• _Records provided_:

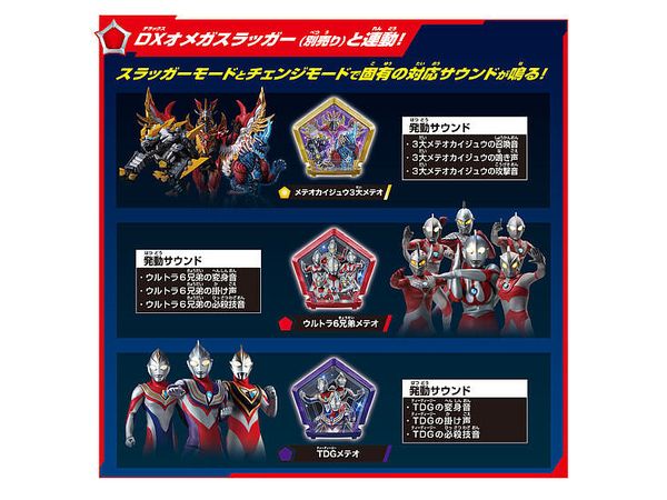 別売りの「DXオメガスラッガー」にセットすると変身・なりきり遊びが楽しめます。
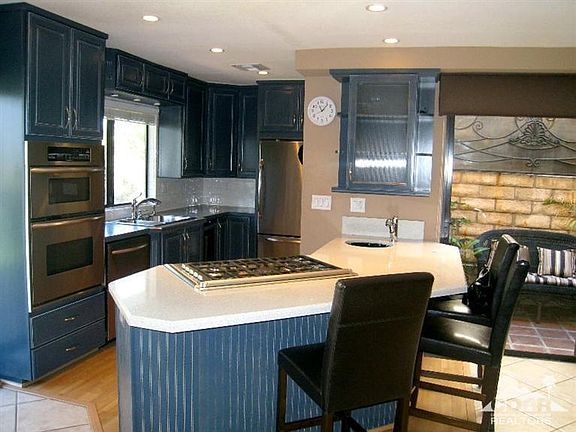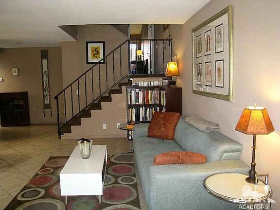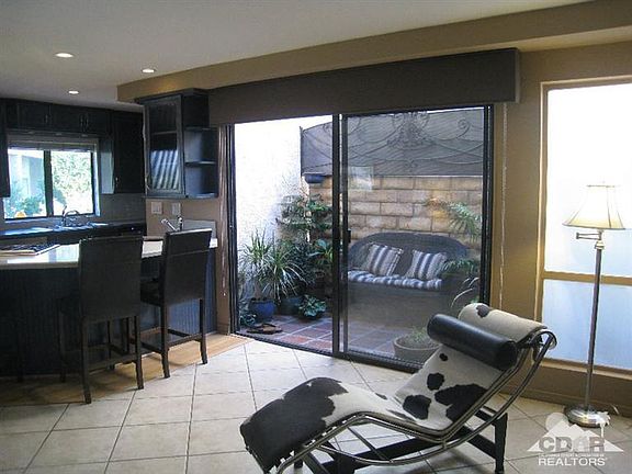 Just Reduced! Updated townhome with 2 bedrooms and 2 baths in central Palm Springs location. Open floor plan on first level features a remodeled & updated kitchen. Beautiful white quartz counter on breakfast bar, stainless steel appliances, newer cabinets, & wine fridge. Refrigerator, washer, & dryer included in sale! Private patio off living area plus an additional patio off kitchen with a built-in BBQ & sink for outdoor dining. Two bedrooms each with their own private patio. Quiet interior location with attached 2 car garage plus private laundry in unit. Quaint gated community with only 79 units located within walking distance to airport and approximately one and a half miles from downtown. Community has 4 pools/spas, 2 tennis courts & clubhouse for private parties. Low HOA of $370/month also includes basic cable and earthquake insurance. Plus you own the land (Fee)!
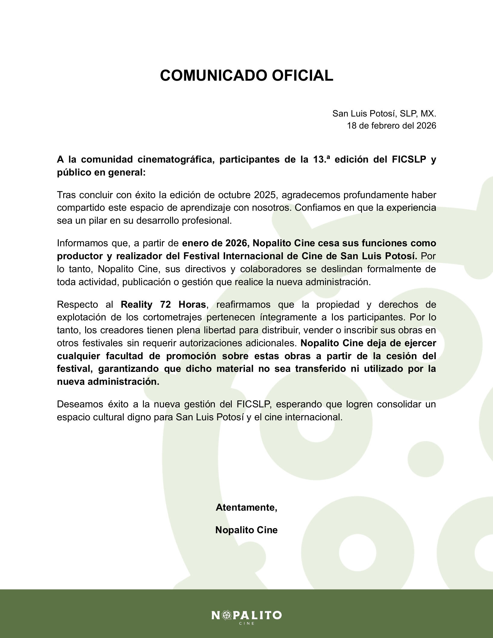 A nombre de Nopalito Cine, agradecemos a todos los participantes que con alegría dieron lo mejor de sí, demostrando que en San Luis Potosí hay talento y pasión por el cine.Los invitamos a que nadie los detenga y que luchen por sus sueños. Que esta generación destaque por su unidad y por dejar cualquier diferencia fuera del set.Con mucho cariño, les compartimos las fotos y videos de este gran encuentro. Esperamos que esta edición del FICSLP sea recordada como la mejor. ¡Nopalito Cine la hizo con amor para todos ustedes!
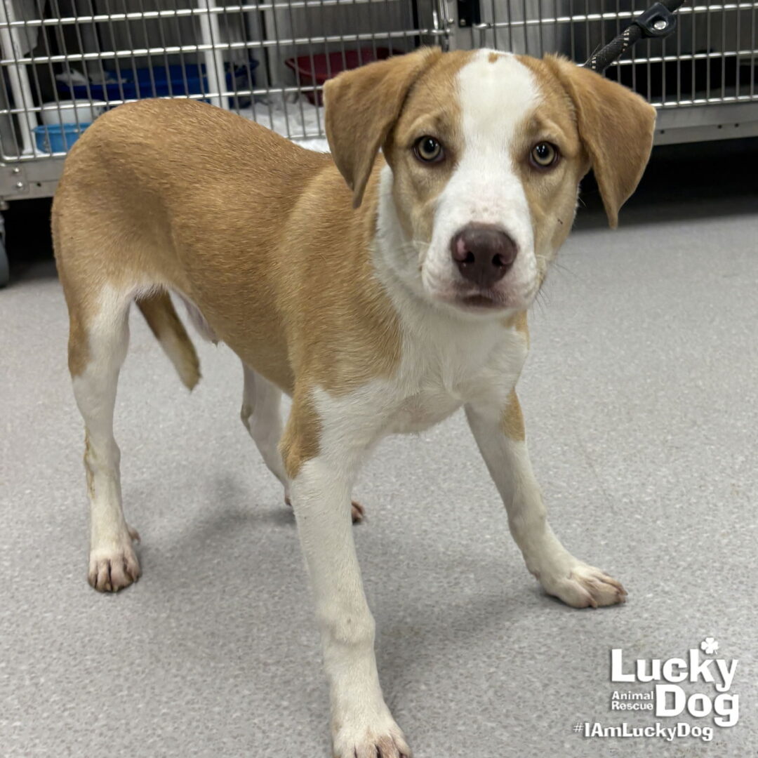 Please contact Caitlin Finn (caitlin.finn@luckydoganimalrescue.org) for more information about this pet.a great puppers no matter what month it is! AUGUST NEEDS A FOREVER HOME!!!! Name: August Best Guess for Breed: Lab and hound mix Best Guess for Age: 6 months as of November 2025 SEX: Male Approximate Weight: 34 lbs as of 11/4/25 – he is still growing! Gets Along With: Other dogs! We haven’t seen him with cats or kids but we are happy to discuss integration techniques with any potential adopters! Currently Living at: DC area foster home August is Looking For: His forever home! August is just getting out of the puppy phase and ready to be the cutest teenage doggo ever! He is eagerly looking forward to having his own humans for sniffy walks and all the adventures he can dream up. And dog school so he can show how super smart he is. And then pets and cuddles and belly scritches at the end of a fun day together. Most of all, though, he wants to know he is safe and loved. In exchange he promises all the adoring gazes and happy tail wags he can store up, and loyal companionship for all his days. What do you say? Is this pup the one who will add magic to your life? August the one for you – every month of the year?What My Foster Says About Me: We will update this once he has spent time in foster care. Lucky Dog cannot guarantee any dog is housebroken. All of our dogs are working on their crate training. TO ADOPT: The adoption fee for this dog is $460, which includes the cost of routine vetting, including vaccinations and spay/neuter. If you are interested in adopting, please complete the Adoption Questionnaire online at bit.ly/adoptaluckydog . Lucky Dog Animal Rescue does our best to provide accurate information about the dogs we have for adoption. That said, we cannot make any guarantees about age, breed or temperament. Thank you for contacting Lucky Dog Animal Rescue and helping to save a life! Please visit us online at www.luckydoganimalrescue.org . BE A FOSTER!!! Fosters make it possible for Lucky Dog Animal Rescue to save and care for homeless and abandoned dogs! To learn about fostering, please contact fostering@luckydoganimalrescue.org! BE A SPONSOR!!!! Sponsors help Lucky Dog support the many dogs we save. To learn more about sponsorship, please contact info@luckydoganimalrescue.org !
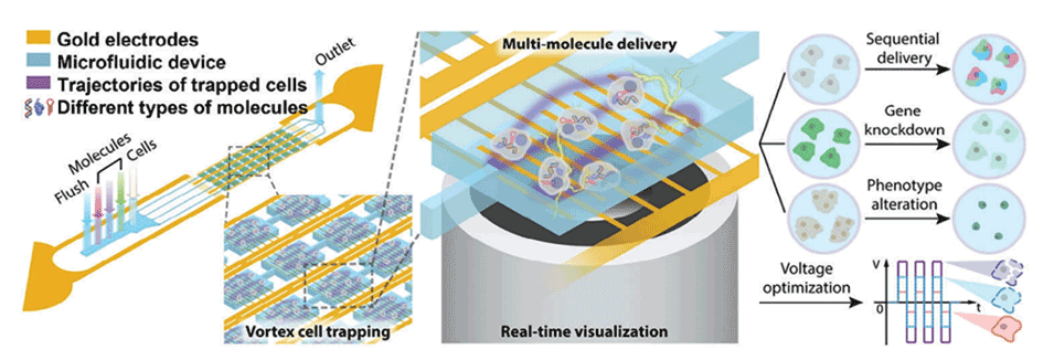 图2.μSEA(微尺度对称电穿孔器阵列)装置和多分子递送应用说明。
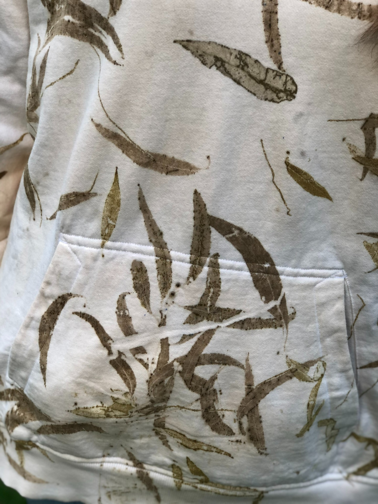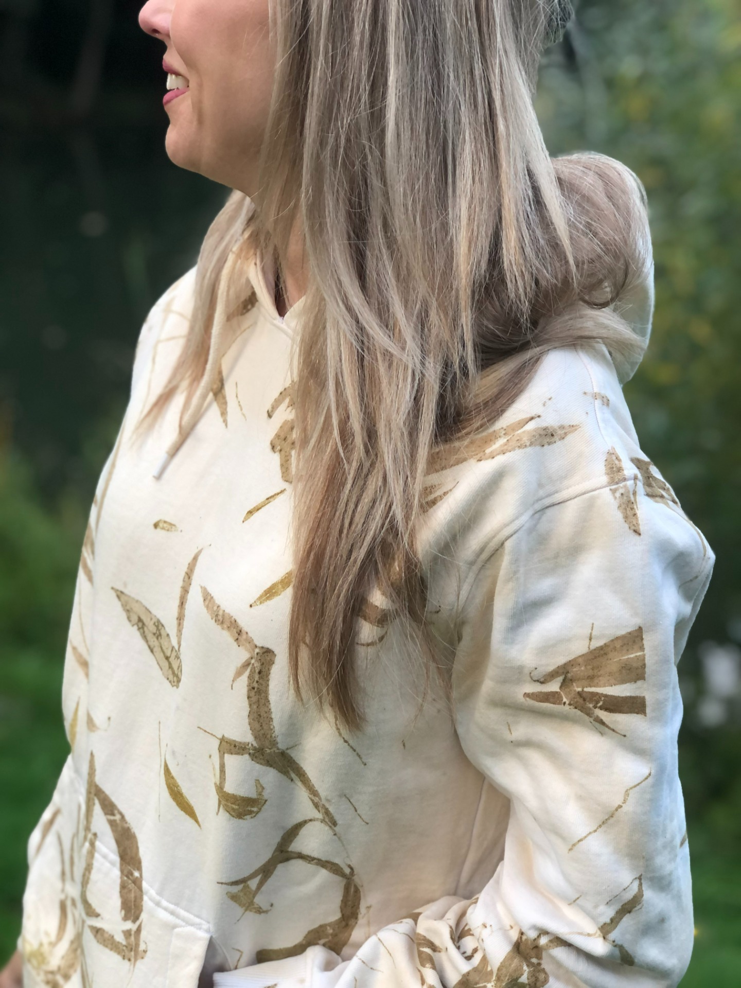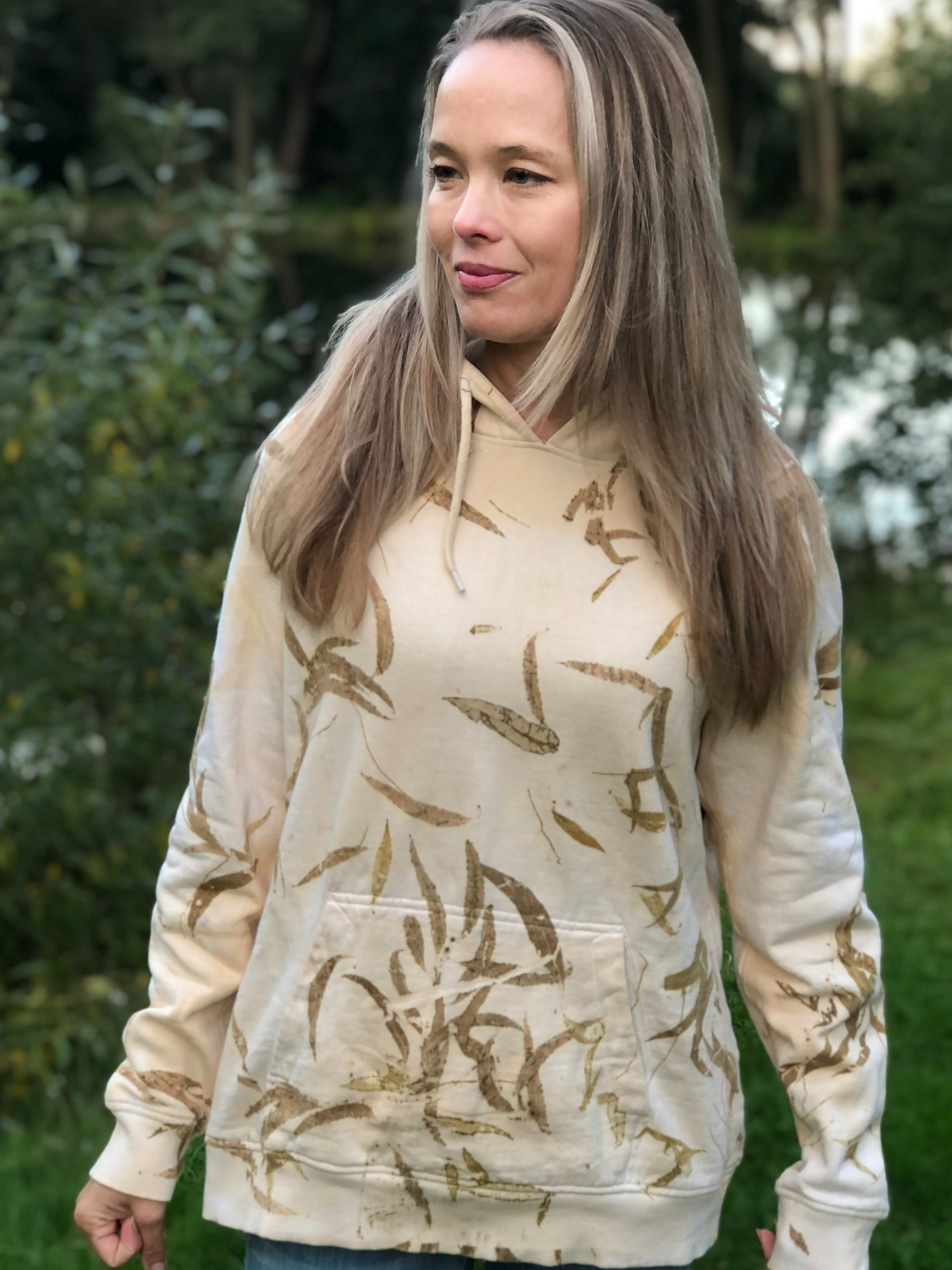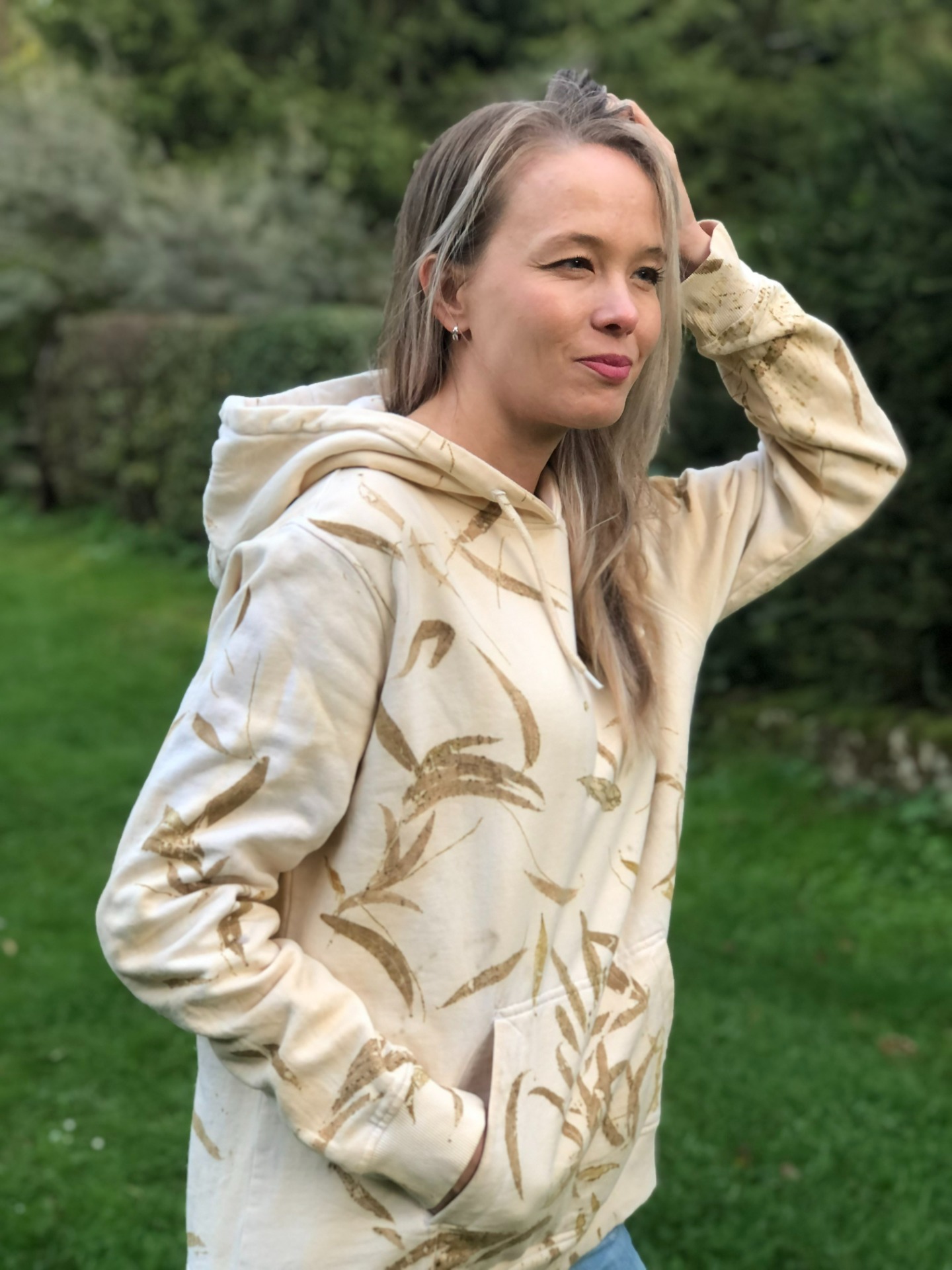 Mikinu sama nešiji, ale pečlivě vybírám kvalitní kousky, které splňují vysoké standardy. Poté je ručně potisknu technikou ecoprint, aby každý kus byl originál.
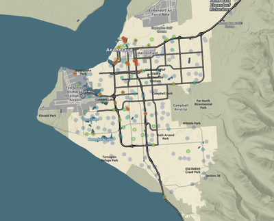 Unfortunately, I run into trouble when I zoom into a specific community, for example Anchorage shown below. I do not like the way the heat map is rendering at this scale, as it takes away from my main message that I want to convey to my audience.

• _Exercise instructions_: Everything in the records above must be repeated exactly, apart from the pictures.

• _Expected output_:
 別売りの「DXオメガスラッガー」にセットすると変身・なりきり遊びが楽しめます。
 Just Reduced! Updated townhome with 2 bedrooms and 2 baths in central Palm Springs location. Open floor plan on first level features a remodeled & updated kitchen. Beautiful white quartz counter on breakfast bar, stainless steel appliances, newer cabinets, & wine fridge. Refrigerator, washer, & dryer included in sale! Private patio off living area plus an additional patio off kitchen with a built-in BBQ & sink for outdoor dining. Two bedrooms each with their own private patio. Quiet interior location with attached 2 car garage plus private laundry in unit. Quaint gated community with only 79 units located within walking distance to airport and approximately one and a half miles from downtown. Community has 4 pools/spas, 2 tennis courts & clubhouse for private parties. Low HOA of $370/month also includes basic cable and earthquake insurance. Plus you own the land (Fee)!
 A nombre de Nopalito Cine, agradecemos a todos los participantes que con alegría dieron lo mejor de sí, demostrando que en San Luis Potosí hay talento y pasión por el cine.Los invitamos a que nadie los detenga y que luchen por sus sueños. Que esta generación destaque por su unidad y por dejar cualquier diferencia fuera del set.Con mucho cariño, les compartimos las fotos y videos de este gran encuentro. Esperamos que esta edición del FICSLP sea recordada como la mejor. ¡Nopalito Cine la hizo con amor para todos ustedes!
 Please contact Caitlin Finn (caitlin.finn@luckydoganimalrescue.org) for more information about this pet.a great puppers no matter what month it is! AUGUST NEEDS A FOREVER HOME!!!! Name: August Best Guess for Breed: Lab and hound mix Best Guess for Age: 6 months as of November 2025 SEX: Male Approximate Weight: 34 lbs as of 11/4/25 – he is still growing! Gets Along With: Other dogs! We haven’t seen him with cats or kids but we are happy to discuss integration techniques with any potential adopters! Currently Living at: DC area foster home August is Looking For: His forever home! August is just getting out of the puppy phase and ready to be the cutest teenage doggo ever! He is eagerly looking forward to having his own humans for sniffy walks and all the adventures he can dream up. And dog school so he can show how super smart he is. And then pets and cuddles and belly scritches at the end of a fun day together. Most of all, though, he wants to know he is safe and loved. In exchange he promises all the adoring gazes and happy tail wags he can store up, and loyal companionship for all his days. What do you say? Is this pup the one who will add magic to your life? August the one for you – every month of the year?What My Foster Says About Me: We will update this once he has spent time in foster care. Lucky Dog cannot guarantee any dog is housebroken. All of our dogs are working on their crate training. TO ADOPT: The adoption fee for this dog is $460, which includes the cost of routine vetting, including vaccinations and spay/neuter. If you are interested in adopting, please complete the Adoption Questionnaire online at bit.ly/adoptaluckydog . Lucky Dog Animal Rescue does our best to provide accurate information about the dogs we have for adoption. That said, we cannot make any guarantees about age, breed or temperament. Thank you for contacting Lucky Dog Animal Rescue and helping to save a life! Please visit us online at www.luckydoganimalrescue.org . BE A FOSTER!!! Fosters make it possible for Lucky Dog Animal Rescue to save and care for homeless and abandoned dogs! To learn about fostering, please contact fostering@luckydoganimalrescue.org! BE A SPONSOR!!!! Sponsors help Lucky Dog support the many dogs we save. To learn more about sponsorship, please contact info@luckydoganimalrescue.org !
 图2.μSEA(微尺度对称电穿孔器阵列)装置和多分子递送应用说明。
 Mikinu sama nešiji, ale pečlivě vybírám kvalitní kousky, které splňují vysoké standardy. Poté je ručně potisknu technikou ecoprint, aby každý kus byl originál.
 Unfortunately, I run into trouble when I zoom into a specific community, for example Anchorage shown below. I do not like the way the heat map is rendering at this scale, as it takes away from my main message that I want to convey to my audience.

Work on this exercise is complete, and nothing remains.